Picking up some of Eric Zaslow's reformulation: Assume $P$ is commutative, saturated, and cancellative, as well as finitely generated. (Cancellative means $p_1+q=p_2+q$ implies $p_1=p_2$.) The answer to your question is affirmative if and only if the "groupification" $P^{gp}$ of $P$ is torsion-free. (As mentioned in Dustin's answer, saturated means that for all $p$ in $P^{gp}$, $np \in P$ implies $p\in P$. Cancellative means $p_1+q=p_2+q$ implies $p_1=p_2$.)
All this amounts to $P$ being embeddable as a sub-monoid of ${\Bbb Z}^n$ for some $n$. Then take the subgroup of ${\Bbb Z}^n$ spanned by $P$. This is isomorphic to some ${\Bbb Z}^m$; take the dual of the convex hull of $P$ in ${\Bbb R}^m$ and you've got your cone $\sigma$, just as Eric says. When $P$ is saturated, it is equal to $\sigma^\vee \cap M$; otherwise, this gives the saturation of $P$, corresponding to the integral closure of $k[P]$.

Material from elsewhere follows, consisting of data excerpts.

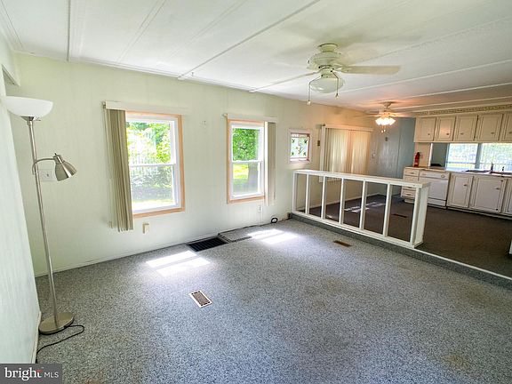 Purchase subject to Mobile home association approval. $45.00 application fee. Monthly ground rent $555.00 per month. Many (8) newer windows replaced approximately one year ago. Great location at the very back of the park with deer, bunnies etc. Overlooks a field of green. The covered screened porch also has window inserts to extend its use to 3 seasons and offers a propane fireplace. Park owner pays real estate taxes. Property being sold in as is condition. Buyer is responsible for the installation of tie downs.
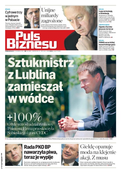 Niski poziom wydatkowania przez Polskę unijnych pieniędzy grozi ich utratą; Rynek mocnych alkoholi ma nowego wicelidera, Polmos Lublin zanotował najlepszy wynik w historii; rada PKO BP zagalopowała się, występując przeciwko skwitowaniu dla prezesa Jerzego Pruskiego, teraz poniesie konsekwencje; Cyfrowy Polsat połączy w jedną ofertę telewizję, internet i komórki; zakłady naprawcze Łapy chcą już tylko likwidacji; nadchodzi moda na odwrotne splity.
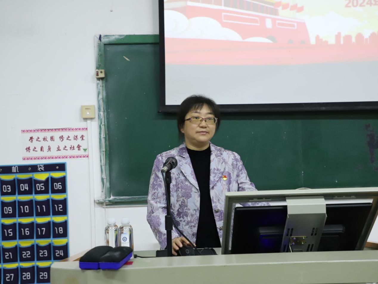 陆晓芹以老红歌为引,聚焦于党的根本宗旨,对党的根本宗旨的定义、由来及坚持党的根本宗旨的重要意义进行详述。她表明中国共产党全心全意为人民服务的根本宗旨是我们崇高的精神和行为准则,鼓励同学们努力学习科学文化知识,以雷锋精神为指引,提高思想觉悟。同时,她向入党积极分子提出建议:要知行合一,努力践行党的根本宗旨,不忘初心,牢记使命,提升“听说读写”专业能力,培养核心竞争力,提高为人民服务的能力。
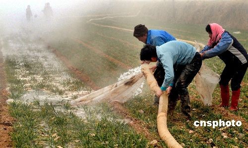 河南洛陽(yáng)自2008年10月下旬以來(lái),沒(méi)下過(guò)一場(chǎng)“透雨”,降水量較常年同期減少近八成,全市農(nóng)作物受旱面積達(dá)260萬(wàn)畝,其中有30萬(wàn)畝麥苗枯黃。13座大中型水庫(kù)蓄水量不足常年的一半。7.3萬(wàn)人飲水嚴(yán)重困難,1.1萬(wàn)人靠送水解決飲水問(wèn)題。全市先后投入抗旱資金2500余萬(wàn)元,抓緊抗旱。
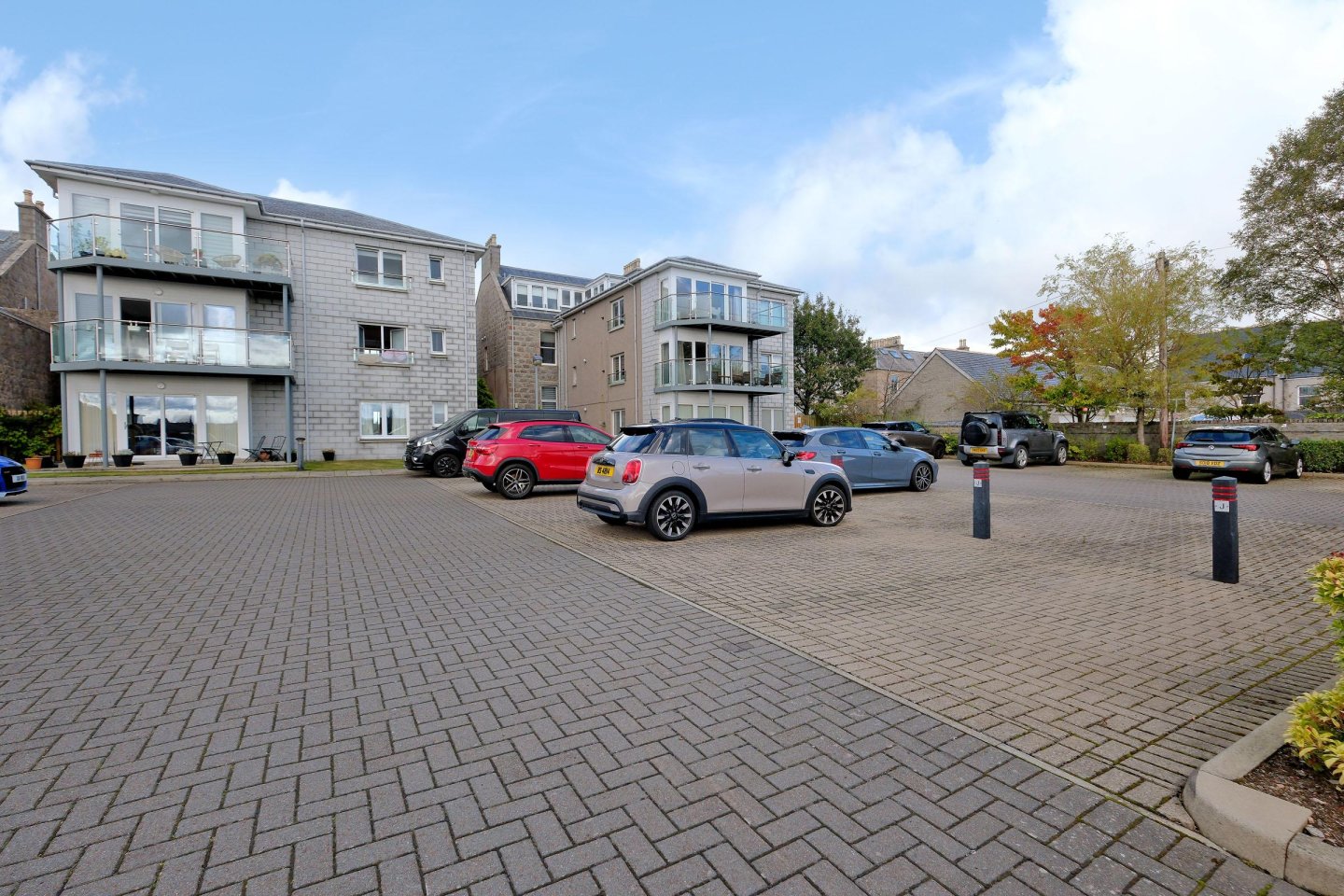 The Apartment Block sits in mature landscaped grounds. Two allocated car parking spaces in car park adjacent to front door of Apartment Block. Ample visitor parking. Access pathway from the front leading to the rear car park. Attractive shared courtyard with drying area. Concealed bin store. Secure bike shed.
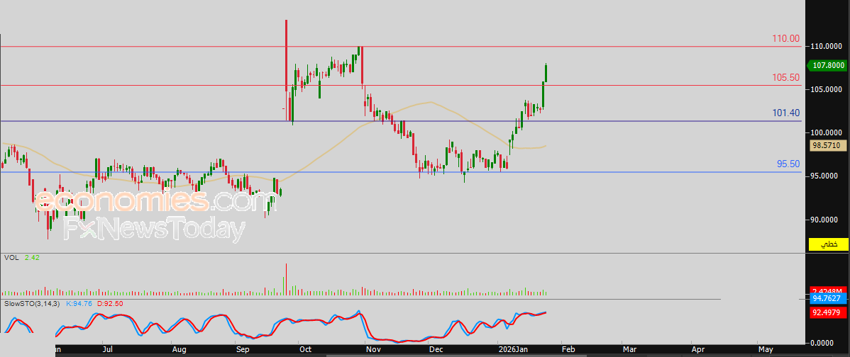 لذلك فتوقعاتنا تشير إلى صعود سعر السهم خلال تداولاته القادمة، خاصة طيلة استقراره أعلى سعر 105.50 ريال، ليستهدف مستوى المقاومة المحوري 110.00 ريال.

Depending on what references you use, when $P^{gp}$ is torsion-free, $P$ is called either integral or toric. (See, e.g., the toric variety notes on M. Mustata's webpage versus the log geometry notes on Danny Gillam's webpage; both sources are worth looking at.) It seems the latter terminology is more standard in the log geometry world, where "integral" sometimes just means "cancellative".